BOSTON – Coming into Game 5, Avery Bradley was not, physically speaking, at the top of his game.
He had suffered hip pointer injuries to both his right and left hips earlier in this series.
Then there was Washington’s John Wall, always a handful, who outplayed Bradley badly in Games 3 and 4.
Isaiah Thomas, who has known Bradley since the two were pre-teens in Tacoma, Washington, could sense that his friend and backcourt mate was in need of a quick pick-me-up prior to Game 5.
“I told him before the game, ‘I believe in him,’” Thomas recalled. “He’s going to have a big game, and he did.”
Indeed, Thomas’ faith in Bradley was rewarded with a performance that topped anything the 6-foot-2 guard had ever done before at the TD Garden.
Bradley’s career playoff-high 29 points, the most he has scored in a home game with the Celtics, was among the many keys to Boston’s 123-101 Game 5 win over the Washington Wizards.
Boston now leads the best-of-seven series, 3-2, with a chance to advance to the Eastern Conference finals with a win at Washington on Friday.
And while there was plenty of praise to go around for Celtics players, all agreed that the play of Bradley was special.
“My mindset was just to come out and be aggressive,” said Bradley, who had a career playoff-high (25 points) by halftime. “I wanted to make those guys work on both ends of the floor.”
By keeping their turnovers low, Boston forced Washington to defend them in the half court most of the game, which is where Bradley’s precise cuts to the rim for lay-ups or racing to the corner following a nice, solid screen being set, all culminated with Bradley having the playoff game of his life.
And if anyone was due for a big game, it was Bradley.
After having a breakout season in which he averaged a career-high 16.3 points per game, he was limited in the two road games at Washington to just 12 points total in Games 3 and 4.

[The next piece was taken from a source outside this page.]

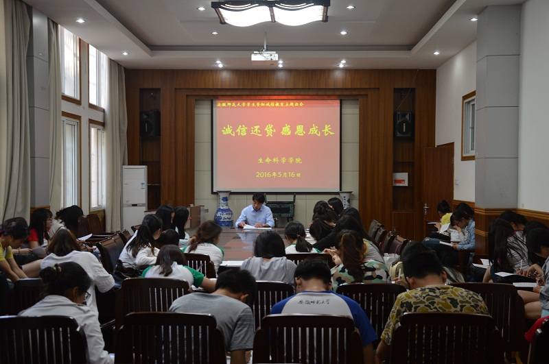 本网讯 (生科院 程鹏 张磊 )内诚于心,外信于人。为增强社会主义核心价值观所倡导的“诚信”意识,增强资助工作的育人效果,构建以诚信做人、诚信做事的校园文化氛围。3044am永利集团官网近日举办以“立德树人,诚信为先”为主线的“诚信教育”系列活动,大力加强学生诚信教育,使毕业生牢记诚信还贷,常怀感恩之心,增强社会责任感。
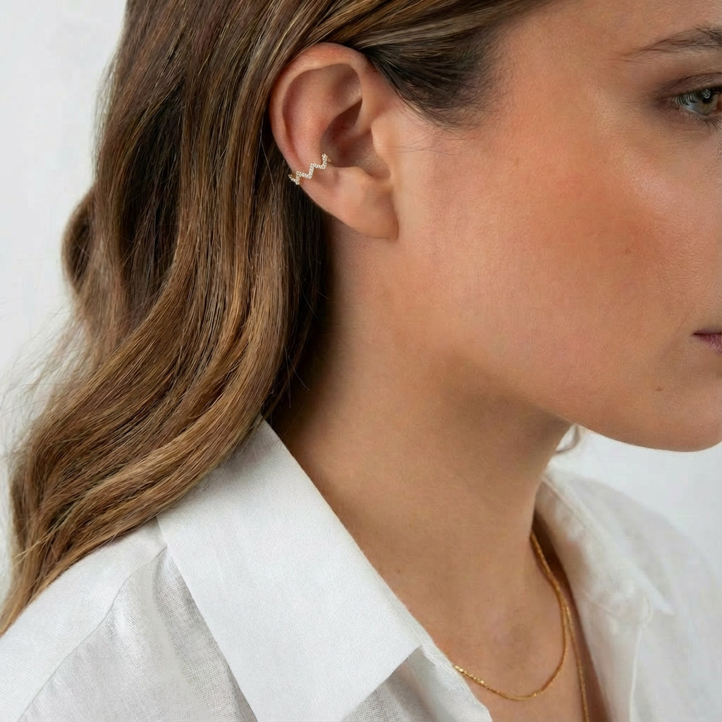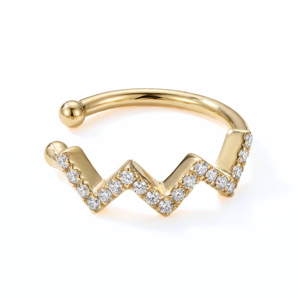 Elevate your ear game with this striking ZigZag Pavé Diamond Earcuff. Featuring a bold geometric design adorned with shimmering pavé natural diamonds, this piece delivers maximum impact without requiring additional piercings.

“I knew that I haven’t been playing to my ability on the offensive end the last two games,” Bradley said. “And for this team I wanted to bring my all. I wanted to take open shots that were there and make plays for guys and that is what I tried to do tonight.”
Said Wizards coach Scott Brooks: “Avery was terrific, 25 points, 10-for-13 (shooting) in the first half. Avery was on fire, Al (Horford) was terrific. We had no answer for those guys. We did a good job on their best player (Thomas) but not enough on the other guys.”
And while the play of Bradley certainly drew a large share of praise afterward, Thomas knows what we all saw in Game 5 wasn’t just Bradley having a great game.
It was a performance that shined a brighter light on the talent and promise that Bradley has within him, to be an elite two-way player that can elevate his play when it is necessary.
Making it even more impressive was he did it with a pair of sore hips.
“He played like he was supposed to,” Thomas said. “He played through it. We needed him to play that way. He put his injuries aside and laced his shoes up and played. He was the key to this game. At both ends of the floor, offensively, defensively, he did it all. In Game 6, we’re going to need him.”